Episode duka
Tak kuizinkan hatiku hancur berkeping-keping
Cukup tergores saja
Enggan aku bercucuran air mata
Cukup beberapa tetes saja
Tak perlu kusesali hitungan tahun (satu, dua, tiga dan enam)
Cukup kuingat benang merah ceritanya saja
Aku belajar
Rasa sakit,
Saat kecewa,
Waktu usaha sekuat tenaga,
Rona bahagia (waloupun semu),
Sampai akhirnya
Titik berpasrah pada-Nya.
“Kita menjalani garis hidup masing-masing.” Lengannya kemudian menggambar banyak garis yang saling bersinggungan, berhimpit dan sejajar.

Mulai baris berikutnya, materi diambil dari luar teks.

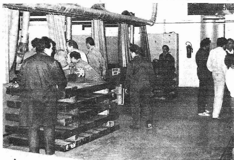
S tekmovanja varilcev v razvojnem oddelku v obratu Elektrode (S. Kokalj)

"Ini garis milikmu dan ini garisku." Dia menunjuk dua buah garis.
"Pada titik ini, sebut saja A, dan titik ini, kita sebut B, kita berhimpitan. Dan, setelah itu kedua garis ini berbeda arah dan besar sudutnya."

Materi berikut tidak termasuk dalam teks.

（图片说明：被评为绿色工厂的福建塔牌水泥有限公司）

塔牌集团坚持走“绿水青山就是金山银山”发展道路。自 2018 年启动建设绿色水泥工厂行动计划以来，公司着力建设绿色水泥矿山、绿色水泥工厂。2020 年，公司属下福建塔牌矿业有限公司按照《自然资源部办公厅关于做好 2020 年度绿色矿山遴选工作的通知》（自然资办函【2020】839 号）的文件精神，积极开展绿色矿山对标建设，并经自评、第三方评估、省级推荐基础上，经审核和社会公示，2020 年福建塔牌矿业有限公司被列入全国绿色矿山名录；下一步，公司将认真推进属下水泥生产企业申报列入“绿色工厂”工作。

Di tengah suara televisi, dia berbicara santai. Sesekali diseruputnya susu coklat dan vanilla cookies buatanku.
"Kenapa garis hidup kita bukan yang ini?" Kutunjuk dua garis mirip huruf Y.

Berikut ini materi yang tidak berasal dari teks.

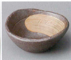
05408-431 黒泥刷毛目中鉢 2,200円 (14×6cm) (信楽焼)

Sahut menyahut kami berdua berbicara.
" Tak perlu kau jawab. Kita berdua telah tahu jawabannya."
" Kita hanya elemen yang bergantung pada banyak elemen lain di dunia ini."
" Hanya persoalan waktu sampai akhirnya sampai di titik perpisahan, ya
" Kita telah berusaha untuk mengharmoniskan garis kita agar tetap berhimpit sampai titik B ini."
" Sampai pada titik keyakinan, tersadar kalau garisnya harus begitu, ditentukan-Nya sejak 50 ribu tahun sebelum dunia ini hadir.
Segelas susu coklat dan sekeler vanilla cookies itupun ludes.
Comments
memang tidak bisa dipungkiri... perasaan duka/kecewa itu selalu ada!!
pada intinya perasaan itu tidak bisa dobohongin, tapi tergantung bagaimana kita mengendalikannya.
tapi kalo vanila ejeung kue sakeler beak, eta mah lain duka...
bakating meureun... (stress).
heuereuy ketang ceu... saya ge ngalaman lalakon siga kitu mah!